Citation
Alam Choudhury, M. (2009), "Editorial", Humanomics, Vol. 25 No. 4. https://doi.org/10.1108/h.2009.12425daa.001
Publisher
:Emerald Group Publishing Limited
Copyright © 2009, Emerald Group Publishing Limited
Editorial
Article Type: Editorial From: Humanomics, Volume 25, Issue 4.
Money, monetary policy and monetary transmission are central issues in the realization of economic growth and social ordering. Money matters thus address critical social questions. The proper functioning and transmission of monetary aggregates into the economy require firstly the nature of money to be real money. This is money whose quantity is determined by its matching with the real economy demand for ethical goods and services. Besides, it is money backed by assets. An example of such a valued asset is gold. Secondly, the real money must be fully coordinated in linkage with the economy and social questions. Thirdly, there ought to be proper monetary supervision and banking and institutional organization to realize the first two kinds of monetary objectives.
The failure in doing these functions of money has today marked the unbalance between economic stabilization and monetary predictions in relation to the economy in the European Union. The same problem has bedeviled the capital market stability around the world: The American economy over-supplied the US dollar in excess of its absorption levels in the American and world economies. Besides, the credit crunch, despite its many other factors, ranging from human excessiveness to borrow in disproportionate amounts for building unduly large assets that cannot be paid for, to the American Government's repeated bailout to save large ailing companies rather than allowing for market corrections and adjustments to occur, have caused an over-supply of money. The adverse social consequence was felt on the re-igniting of inflationary price level worldwide and the rising long-term cost on the taxpayers. This is a sign showing that Government deficit is positively related to the supply of money and ignition of inflation. But furthermore, the ethical question of property rights is adversely affected.
The future health of social and economic entities, such as microenterprises and the stock market stability, is adversely affected.
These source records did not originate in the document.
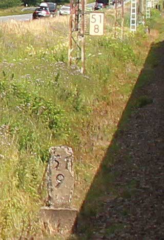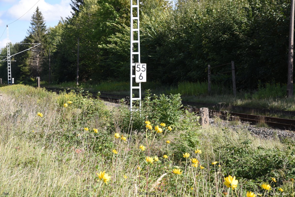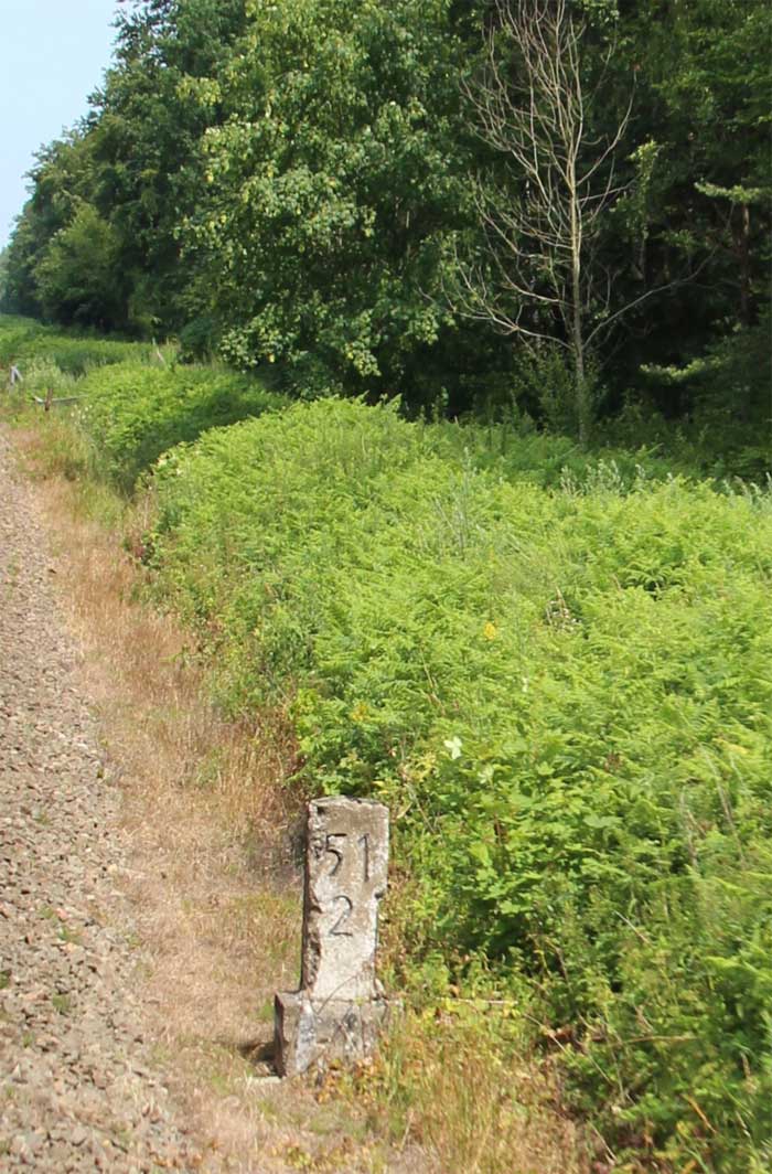 km 0,6 (Tafel); km 0,7 (Stein); km 0,8 (Tafel und Stein) und km 0,9 (Stein) gehören zur Strecke
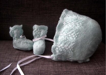 - A gorgeous traditional style bonnet and matching booties set featuring the pretty (yet easy to knit) Marguerite Lace pattern.
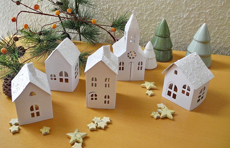 Zum Schluß bemalt man die Dächer mit Dekorschnee und bestäubt sie mit etwas
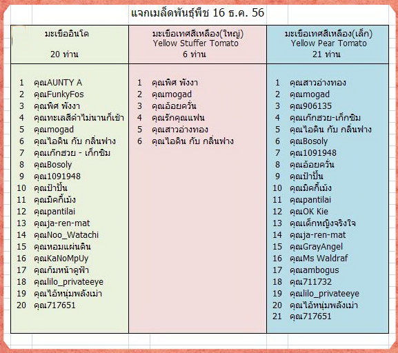 เนื่องในวันแห่งความรัก 14 ก.พ. 57 นี้ ตั้งใจจะแจกมะเขือเทศหัวใจซะหน่อย แต่เมล็ดแก่ไม่ทันค่ะ เสียดายมาก เอาไว้แจกในโอกาสสะดวกต่อ ๆ ไปนะคะ มะเขือเทศที่จะแจกในคราวนี้จึงเป็นมะเขือเทศ Yellow Stuf
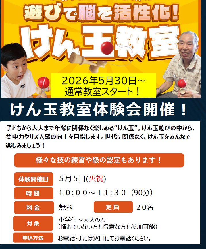 また、5月から通常教室を開催するけん玉教室も、この日無料でご体験可能です!
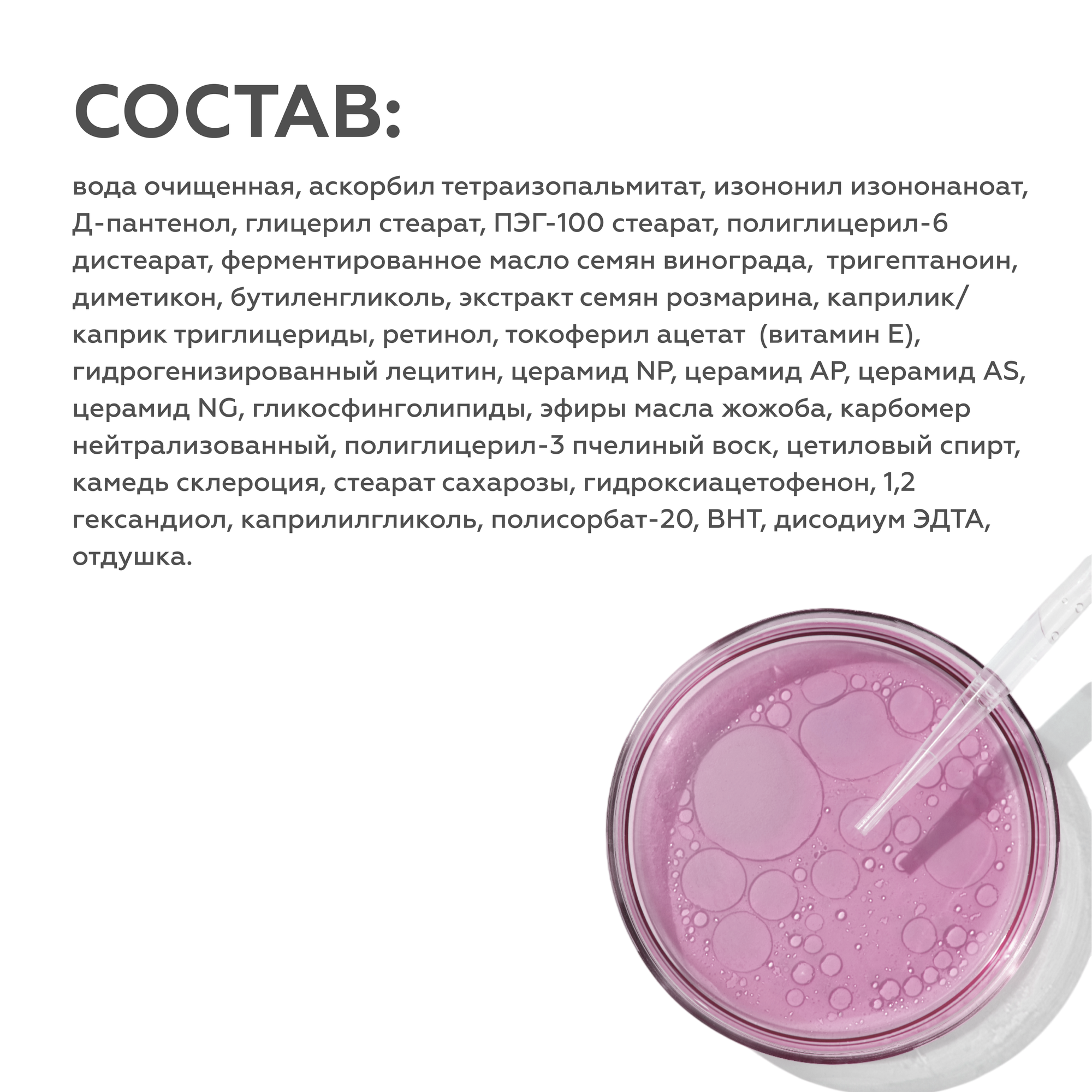 | Состав | вода очищенная, аскорбил тетраизопальмитат, изононил изононаноат, Д-пантенол, глицерил стеарат, ПЭГ-100 стеарат, тригептаноин, ферментированное масло семян винограда, диметикон, бутиленгликоль, ретинол, токоферил ацетат (витамин Е), экстракт семян розмарина, церамид NP, церамид AP, церамид EOP, фитосфингозин, гликосфинголипиды, тетраацетилфитосфингозин, гидрогенизированный лецитин, холестерол, глицерин, стеариновая кислота, ксантановая камедь, гидрогенизированный полидецен, цетеариловый спирт, полиглицерил-6 дистеарат, эфиры масла жожоба, карбомер нейтрализованный, полиглицерил-3 пчелиный воск, цетиловый спирт, камедь склероция, гидроксиацетофенон, 1,2 гександиол, каприлилгликоль, полисорбат-20, БХТ, дисодиум ЭДТА, отдушка |
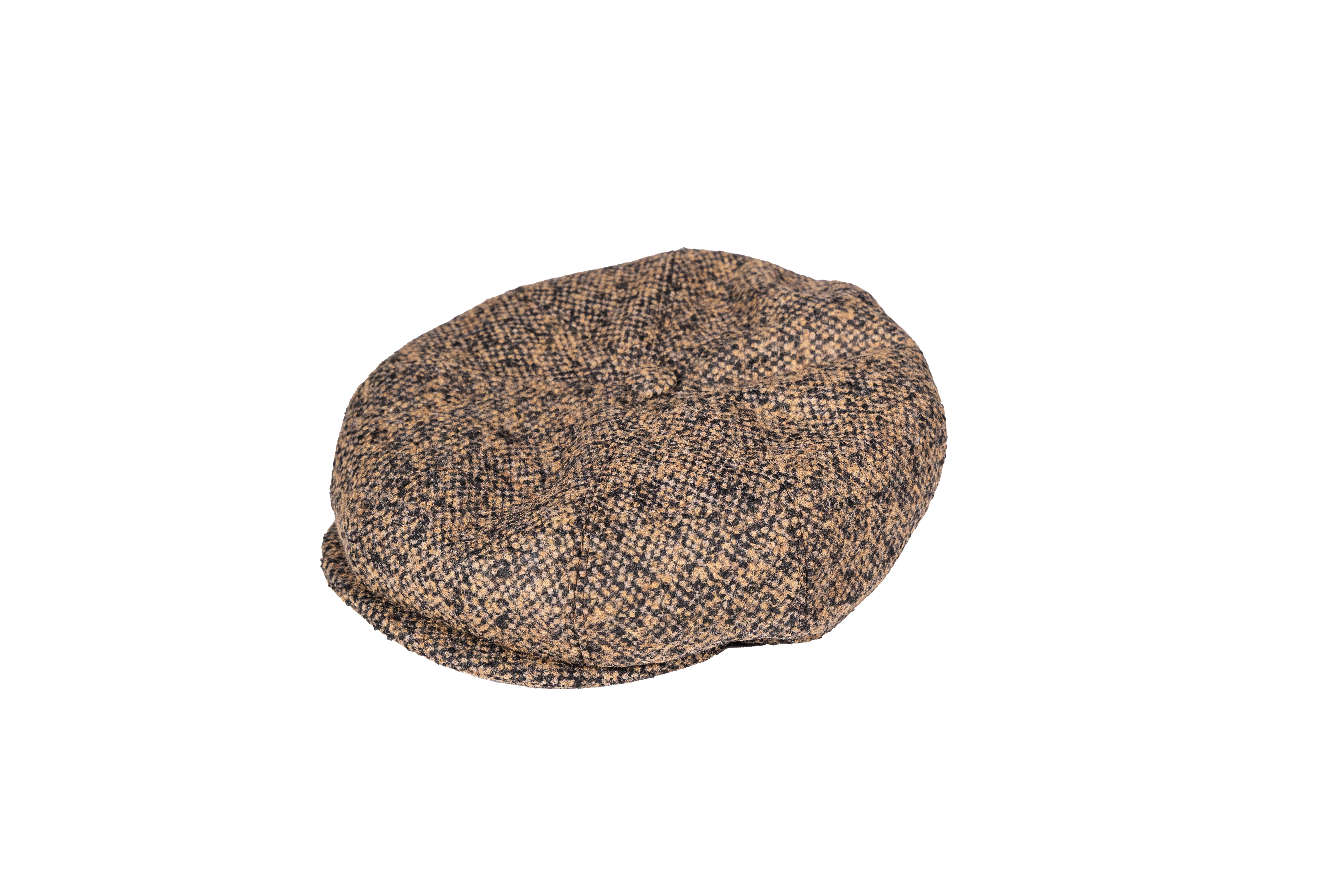 Coppola in lana con fodera stampata e dettaglio logo applicato a mano
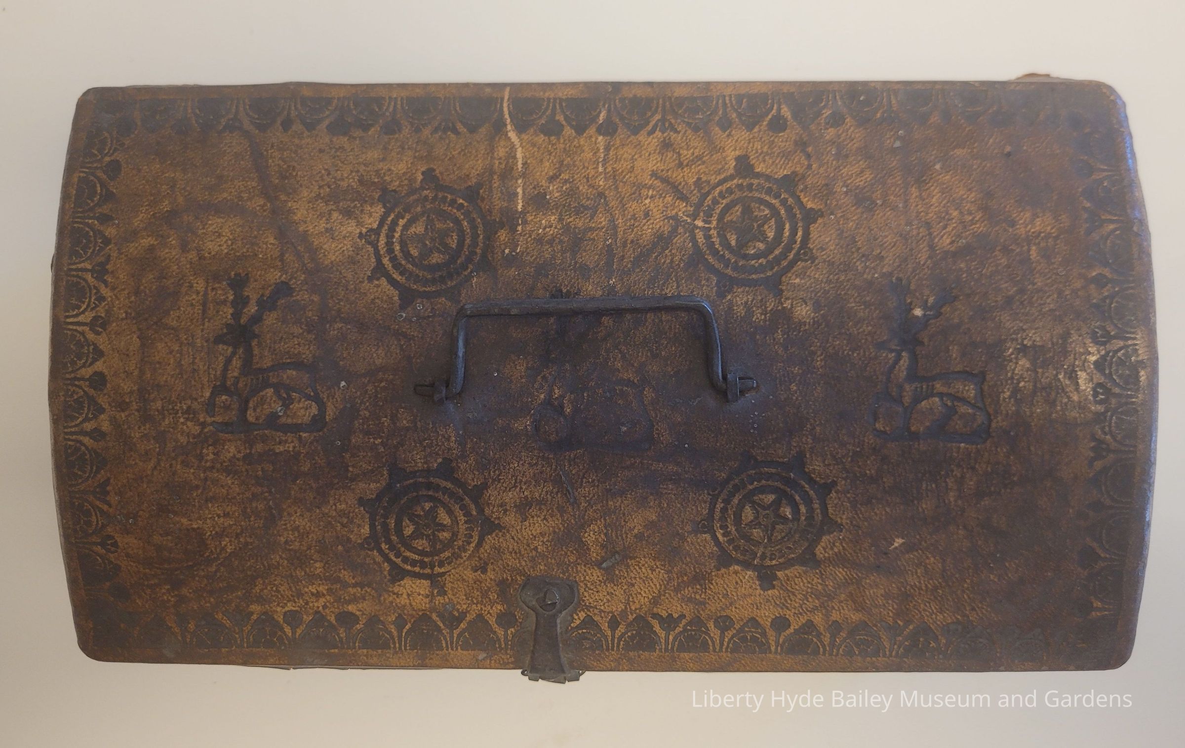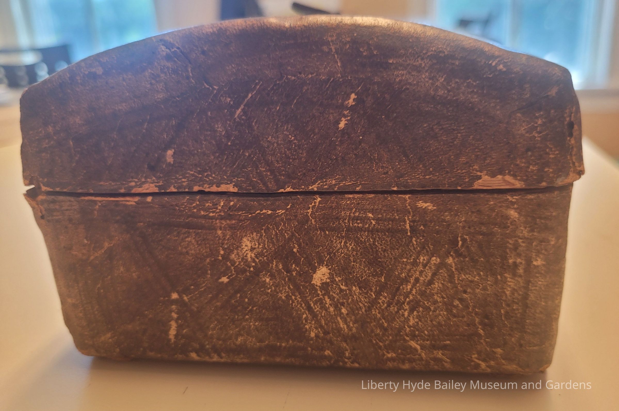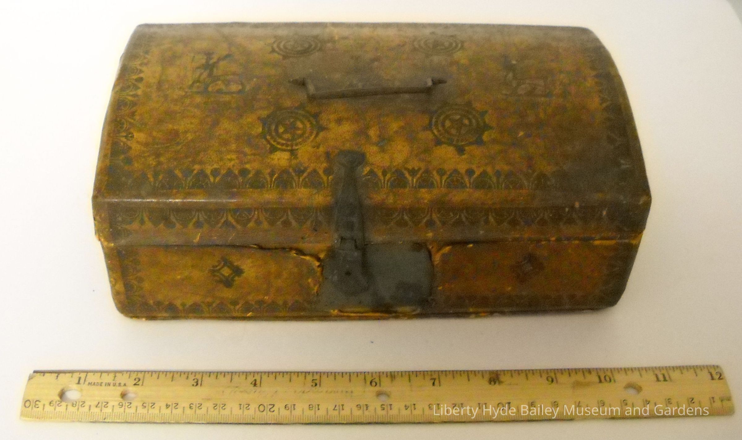 Small wooden trunk with embossed leather covering, the interior lined with newspaper. Metal handle and lock. Past documentation indicates that it was made by Jeshurun/Jesurun (Jesse) Walker (1748-1813), Liberty Hyde Bailey's great-grandfather who came to the U.S. from England at eleven and fought in the American Revolution. However, birth records indicate Jesse Walker's place of birth to be Massachusetts.
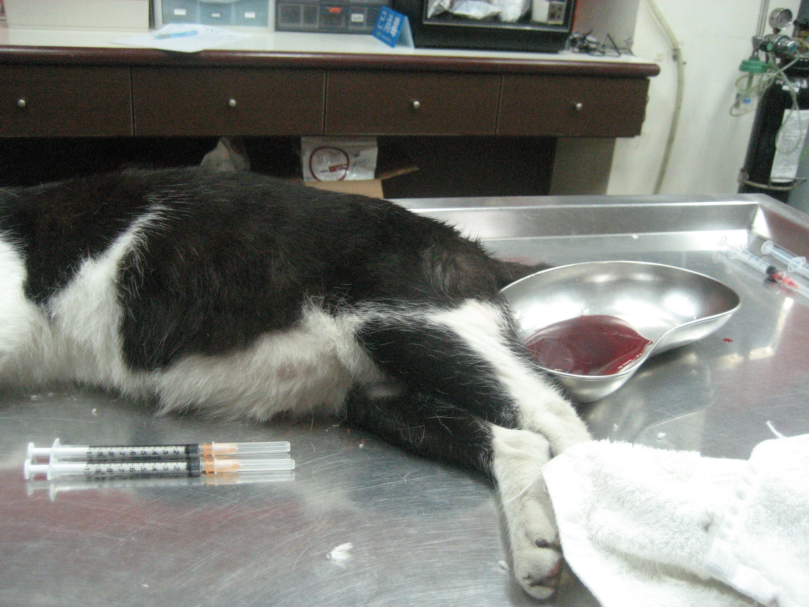 黑白大貓是流浪貓,因為誤食毒物中毒,嚴重傷害腎臟,造成血尿,腹水,經搶救治療無效,貓咪己死亡.(16000)
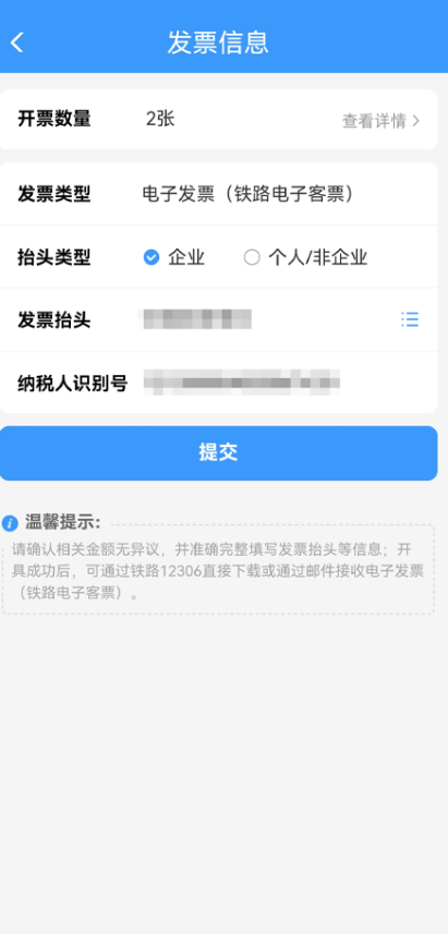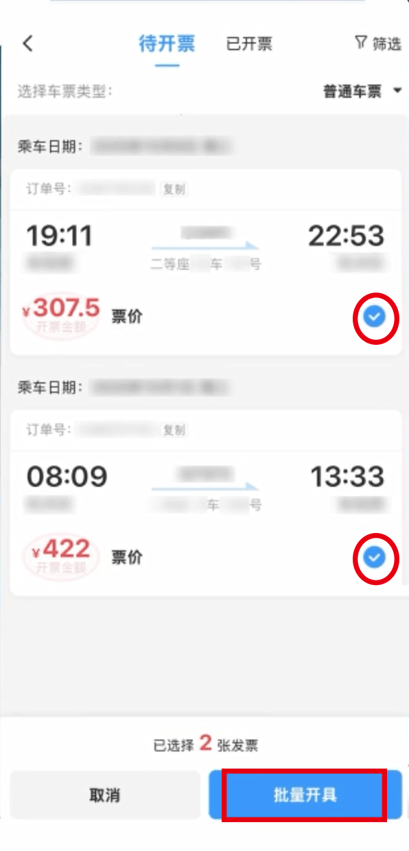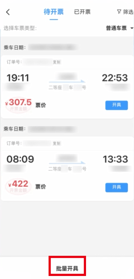 若有多个行程需要开具发票,选中相应行程后,点击“批量开具”,填写发票信息,确认提交后即可!
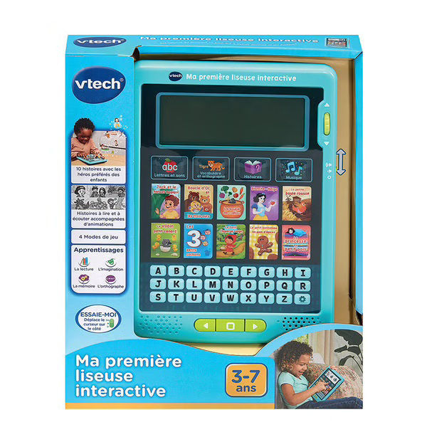 Avec Ma première liseuse interactive, les enfants à partir de 3 ans découvrent le plaisir de lire tout en s’amusant. Cette liseuse propose 10 contes traditionnels illustrés et lus à haute voix, pour initier les plus jeunes au monde de la lecture. Grâce à ses 4 touches Activités, l’enfant explore les lettres et leurs sons, apprend à former ses premiers mots, teste sa compréhension des histoires à travers des quiz, ou écoute des chansons et des mélodies. Les 26 touches Lettres permettent de découvrir l’alphabet, la phonétique et du vocabulaire associé. Sur l’écran, l’enfant pourra retrouver les différents textes, histoires et illustrations animées qui donnent vie aux récits. La molette permet de faire défiler le texte, et les flèches facilitent le changement de page. Pratique et intuitif, l’appareil dispose d’un réglage du volume sonore et du contraste de l’écran, ainsi que d’un arrêt automatique.

One thereby finds that money, finance, economy and society are coterminous domains of human responses that create the deepening effects on human experience.
In the financial sector, ethical questions may be misplaced by wrong emphasis on instruments. This is the result in Islamic economics and finance. It has been introduced by gurus who in the heat of showing large financial gains in the name of compliance with the Islamic Law, really made large ethical blunders. Malaysia is a sure sign of this. Her temporary and suddenly acquired wealth in so-called Islamic capital market, which is embedded in mainstream capital market around the world does not auger well for any advanced optimism regarding Islamic change. In fact, every such development has proven to be a ploy of hidden mainstream animal passion to acquire and accumulate wealth. The distributive element is lacking. The incidence of poverty remains abounds; or it is addressed simply by government intervention, not by self-governing consciousness. Thereby, the cost of poverty alleviation remains high. The programs on poverty alleviation remain unrealized, side-lined and a burden on the market process. Contrarily, complementarities are needed between the economic and social sectors with the moral and ethical inner content of human consciousness.
In such a case, economics, finance, society and science get embedded in the moral law and its derived domain of ethics. This is the starting of functional ontology of ethical formalism. It plays its substantive role both in mind and matter. Economics and finance becomes a deeply ethical study while not neglecting its analytical rigor that is led by the functional ontology.